[Opening Data shown section]
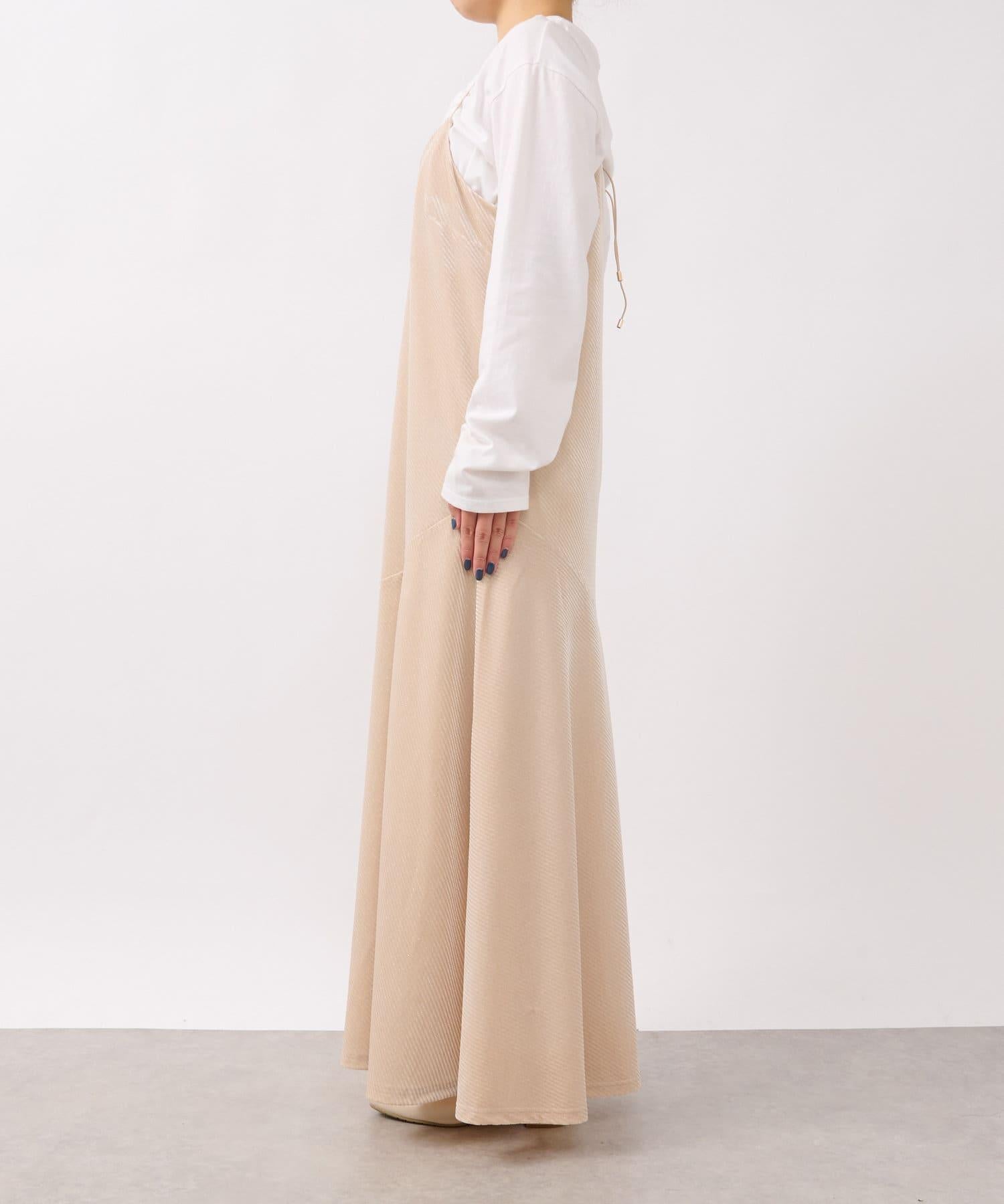 吊帶連衣裙,細膩的肩帶和褶皺的切換,充滿了女人味。
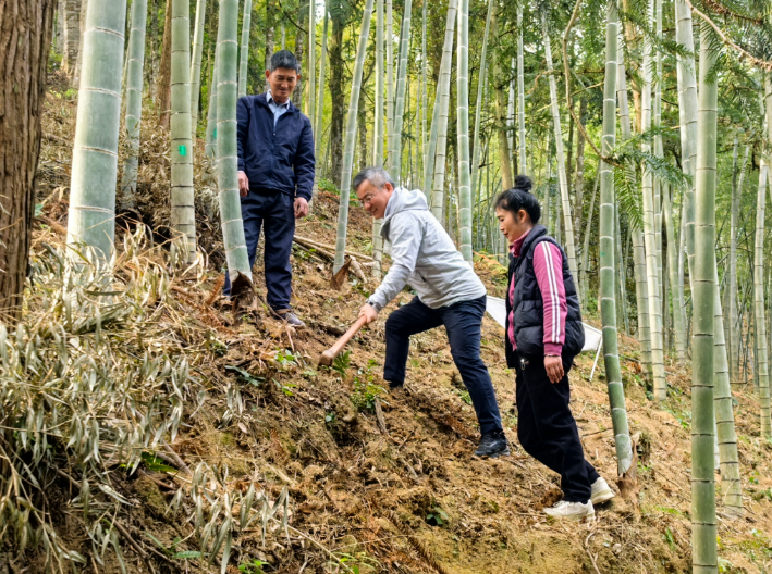 初到上陵镇,江敬艳看到当地竹产业传统落后、产量不稳、竞争力弱。凭借专业判断,他深知该地纬度、土层与水资源条件等适宜毛竹生长。为打破困局,把竹产业发展成为富民增收的好产业,他带领团队深入调研,为当地竹产业“量身定制”了县、镇、村发展规划,绘就产业发展蓝图。围绕“全竹利用”“全链开发”发展竹产业,逐步构建起“主攻一产夯基础、带动二产提效益、拓展三产创品牌”的新格局。
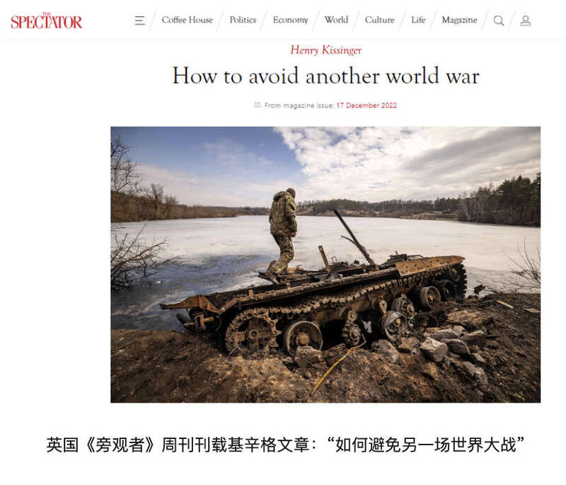 这篇题为“如何避免另一场世界大战”的文章刊登于英国《旁观者》周刊。塔斯社称,基辛格先是在文章中写道,冬天迫使对乌克兰的大规模军事行动暂停,这与1916年8月的情况类似,当时,第一次世界大战的主要西方参战国都寻求美国的调停以和平结束冲突。他说,但当时的美国总统伍德罗·威尔逊面对即将到来的美国总统选举,错过了通过外交手段结束第一次世界大战的机会。
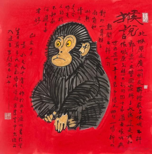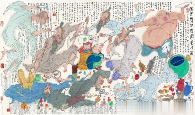 欣赏黄永玉的作品,不仅仅是看画面表现的内容,更重要的是要读画中的题跋。此次展出的作品更是如此,少则数十字,多则数百字,更有如《宋元君到底想画啥图》这样的作品,画中题字多达上千字,相当于一篇精彩的短文了。这些文字也与传统题跋的表意抒情有所不同,而是处处透露着黄永玉独特的幽默风格。他自己也曾说“文学在我的生活里面是排在第一的,第二是雕塑,第三是木刻,第四才是绘画。”他把自己的文章写到了画面里,并且和画面的内容相结合。吴洪亮评价“依然到处都是视觉惊艳和脑筋急转弯。满满的金句彰显黄氏幽默,带着乡土气息,搅拌着湖南人的霸蛮与灵泛。”细读这些作品,我们不但可以了解作品背后的故事,更能看到一位百岁老人对青春的回忆,对生活的热爱和对人生的感悟。这份冷静、睿智、风趣、幽默,汇聚成一个如此有趣的画展。
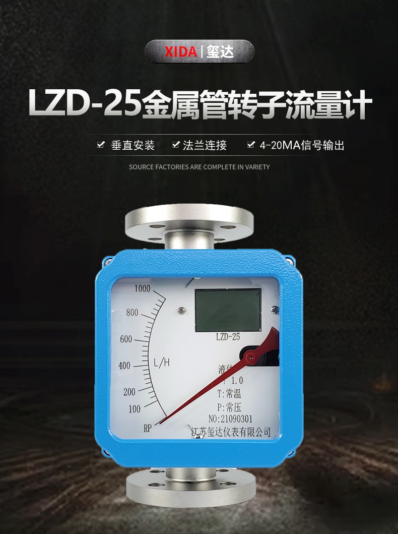 LZD-25金屬管轉(zhuǎn)子流量計(金屬管浮子流量計)是工業(yè)自動化過程控制中常用的一種變面積流量測量儀表。它具有體積小,檢測范圍大,使用方便等特點,可用來測量液體、氣體以及蒸汽的流量,特別適宜低流速小流量的測量。
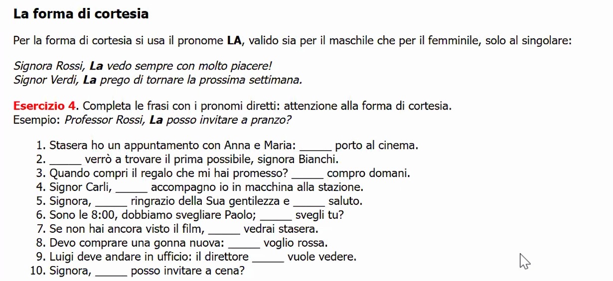 Esercizio 4. Completa le frasi con i pronomi diretti: attenzione alla forma di cortesia.
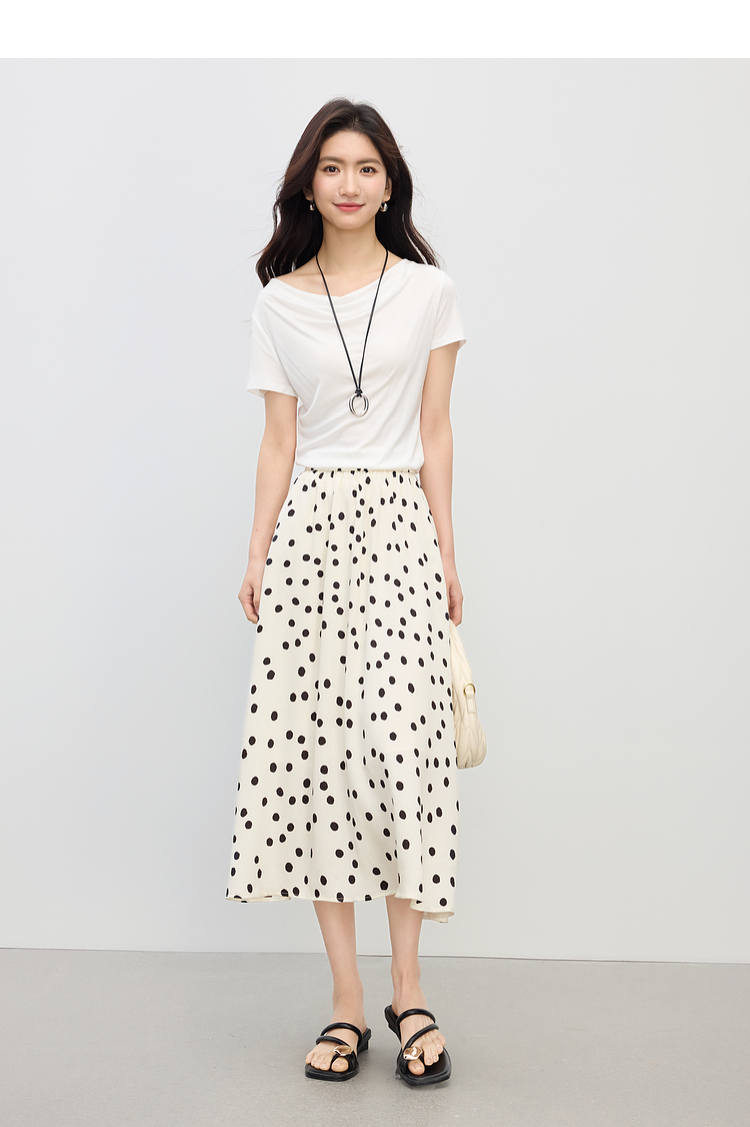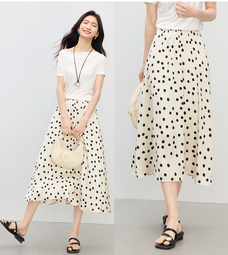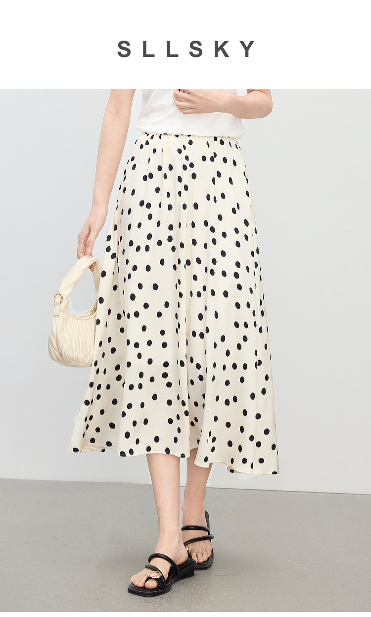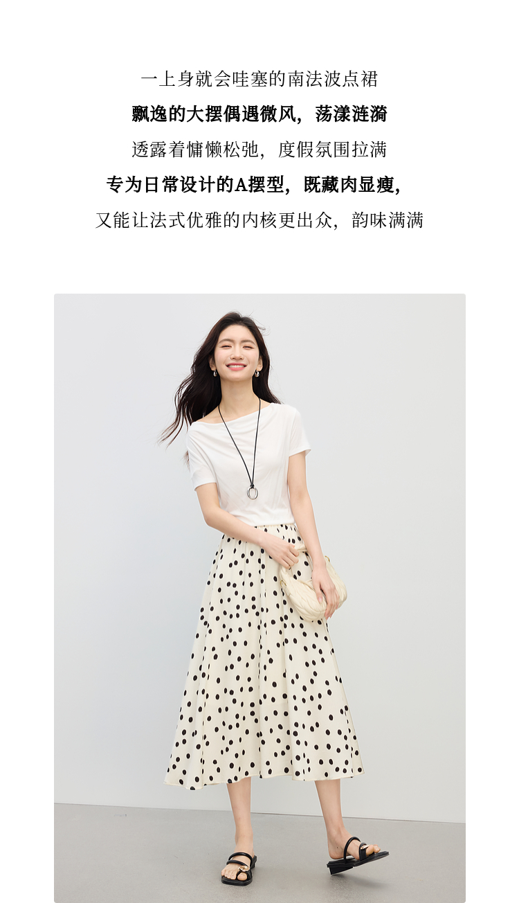 熙世界海边度假风波点半身裙女气质优雅a字雪纺裙子
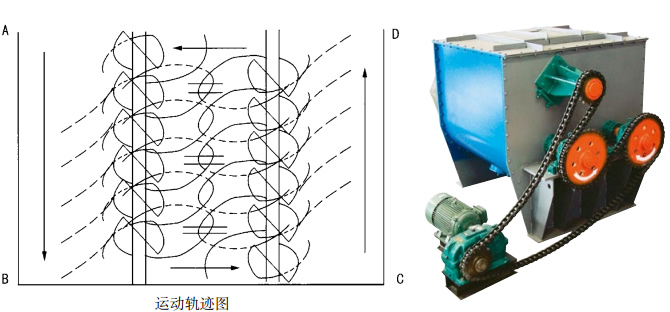 应用领域 ● 农业领域:农药、化肥、饲料及各种添加剂生产中的混合。 ● 食品工业:小麦粉、谷物的混合,奶粉的混合,香料及微量成份的混合,咖啡、味精、食盐的混合。 ● 干燥:粉料的干燥。 ● 化学工业:化学药品、化妆品、洗涤剂、涂料、树酯、玻璃硅、颜料的混合。 ● 其它:药品生产、添加剂、塑料等行业的混合。 性能特点 ● 该机通过两根等速反向旋转轴上特殊布置的桨叶,使物料作径向、环向、轴向三向运动,形成复合循环,在极短的时间内达到均匀混合。 ● 可进行固(粉)-固(粉)(粉体粒度300-2000um)混合。 ● 根据用户要求,还可以另加喷液及夹套装置,使之可作为固(粉)-液(含液量<15%的混合及干燥设备使 用。 ● 对比重、粒度等物性差异较大的物料混合时不产生偏折,而获得十分均匀的混合物。 ● 混合精度,固-固混合在1:1000配比时,标准偏差为十万分之三~八, 含量波动误差<2%(变异因子)。 ● 混合速度快,一般粉体混合只需十分钟左右。 ● 能耗低,是一般混合机的1/4~1/10。 ● 可密闭操作,运转平衡可靠,维修方便。 工作原理 本机由电机通过减速机、链轮带动二根平行的主轴以一定的转速作等速反向转动。以一定角度安装在主轴上的桨叶将物料抛洒到整个容器空间,使物料处于瞬间失重状态,广泛交错对流、扩散,从而达到均匀混合。对比重和粒径及形状差异悬殊的物料混合时不会产生偏析,是一种迅速高效的粉体混合设备。本机可按用户要求,增加夹套及分散棒,也可提供气动出料及喷液装置。接触物料部分材质为碳钢或不锈钢。
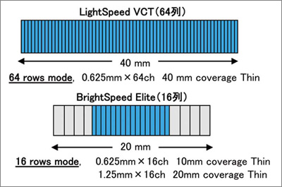図1 VCT(64列)とBS Elite(16列)のディテクタ構成 |
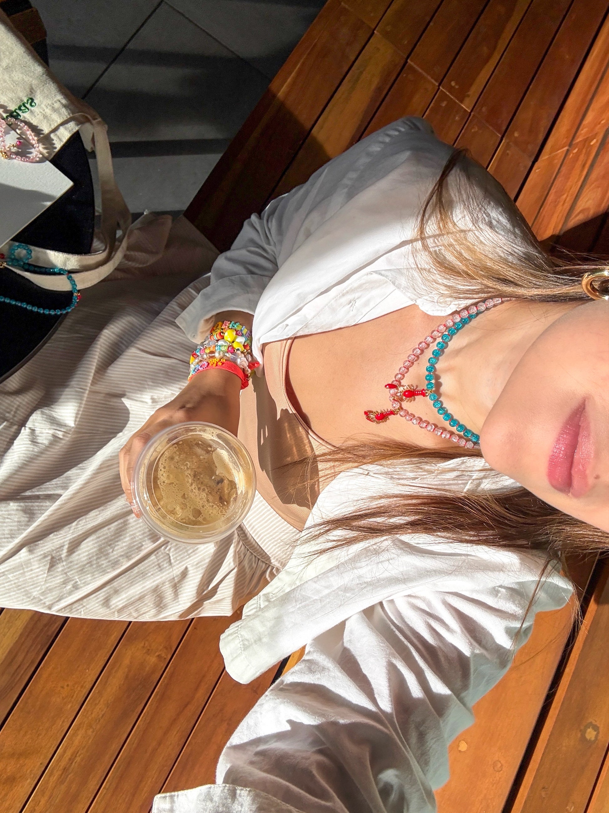• Hecho a mano con dije en rodio, piedras de vidrio y mostacilla.
[Closing Data shown section]
_Exercise requirements_.
Each line between the one holding "Esercizio 4. Completa" and the one holding "熙世界海边度假风波点半身裙女气质优雅a字雪纺裙子", inclusive, should be copied exactly as it appears above, and pictures should be omitted.

_Your solution_.
 Esercizio 4. Completa le frasi con i pronomi diretti: attenzione alla forma di cortesia.
 熙世界海边度假风波点半身裙女气质优雅a字雪纺裙子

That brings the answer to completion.